GO classifications of assembled unigenes, having sequence homology with uniprot proteins, assigned to 51 functional groups.

Comparative analysis with available public databases

The assembled unigenes were functionally annotated using BLASTx algorithm against the protein sequences of five public databases: NCBI NR, Prunus persica, Vitis vinifera and Fragaria vesca, and a primitive species, Amborella trichopoda, with an E-value cut-off of 10−5. The number and percentage of annotated unigenes of A. squmosa genotypes are given in Table 2. Of the 14921 (Sitaphal) and 14178 (NMK-1) unigenes, 10333 (69.25%) and 11676 (82.35%), respectively, showed significant similarity to NCBI NR protein database (Additional file 4). Furthermore, 60.33% to 61.57% (Sitaphal) and 77.32% to 78.47% (NMK-1) of the unigenes showed significant homology with the four plant species (Table 2). We obtained 1928 (12.92%) and 2825 (19.92%) unigenes with more than 90% subject coverage, suggesting quasi-full length genes in Sitaphal and NMK-1, respectively. However, 4588 (Sitaphal) and 2502 (NMK-1) unigenes did not match with any known protein in the NR database. These un-assigned transcripts may be novel genes or belong to untranslated regions, and could play specific roles in A. squamosa. The unigene sequence information would be useful as a reference for molecular biology research on A. squamosa and its related species.
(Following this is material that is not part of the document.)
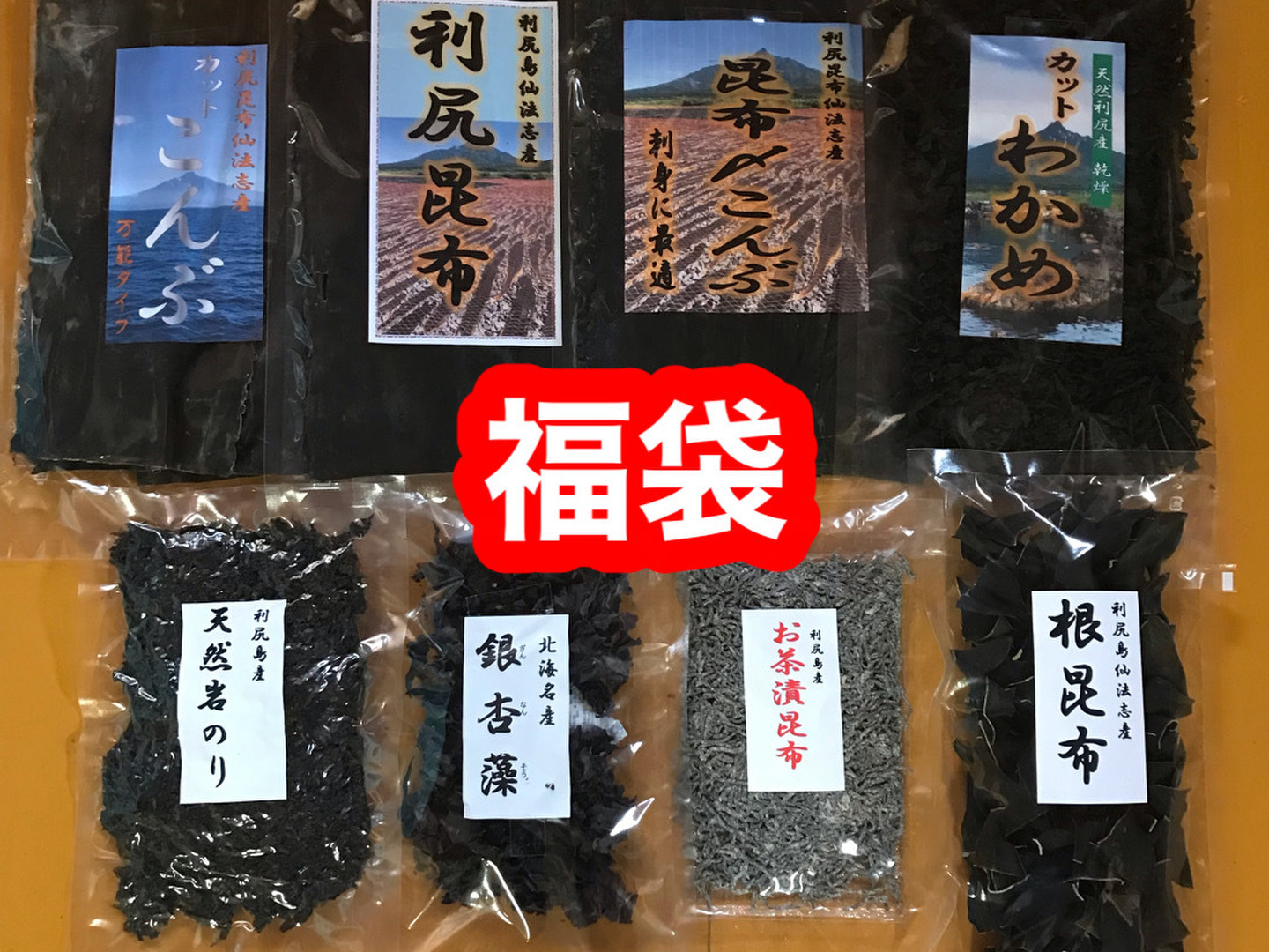 🔴北海道名産の海藻類(利尻昆布3点・根昆布・お茶漬け昆布・カットわかめ・銀杏藻・天然岩のり)の“なんと”8点入りが福袋で登場です!!

Table 2 Number and percentage (in bracket) of unigenes in A . squamosa genotypes (Sitaphal and NMK-1) from BLASTx searches against public protein databases of fruits crop and a closely related genus

Detection of transcript sequences related to hormone pathway, transcription factors and seed development

Fruit development is a complex process and involves numerous physiological and biochemical events which are initiated and regulated by hormonal signals [32]. Plant hormones, such as auxins, gibberellins, cytokinins, abscisic acid, ethylene, and brassinosteroids, play important role in fruit set and development [17,33]. Brassinosteroids are important for early fruit development [34], and the regulation of seed size [35] and number [36]. A total of 148 unigenes encoding putative hormone related genes were identified in A. squamosa (Table 3, Additional file 5), by BLASTx searches against the protein database of hormone pathway genes of A. thaliana.

Table 3 Summary of hormone related unigenes identified in the transcriptome of A . squamosa genotypes (Sitaphal and NMK-1)

Transcription factors (TFs) control gene expression quantitatively, spatially and temporally [37]. It is desirable to identify the gene regulatory networks responsible for programming of early fruit development. The unigene sequences were annotated against the Plant-TFDB database of A. thaliana, to identify TFs which express during early phases of fruit development in A. squamosa. The BLASTx searches revealed a total of 319 unigenes matched with putative homologs of Arabidopsis TFs (Table 4, Additional file 6). The three most abundant families of transcription factors were bHLH, MYB and MYB-related, and C3H, represented by 34, 34 and 25 unigenes, respectively. Basic helix–loop–helix (bHLH) proteins participate in the regulation of a myriad of essential developmental and physiological processes, including reproductive development, determination of plant organ size, fruit and seed development [38,39]. The interplay of MYB factors, apart from transcription control on many crucial biological processes, regulates fruit and seed development [40,41]. Some of the C3H type TFs are embryo specific and play regulatory role in seed development [42].

Table 4 Summary of transcription factor related unigenes identified in the transcriptome of A . squamosa genotypes (Sitaphal and NMK-1)

The BLAST search on the transcriptome data, using Arabidopsis protein sequences obtained from SeedGenes Project (, identified 379 transcripts associated with the development of seeds (Additional file 7).

The sequence information on TFs, hormone and seed development related putative genes will be useful in examining the differential expression in the two genotypes of A. squamosa, with contrasting trait related to fruit and seed development.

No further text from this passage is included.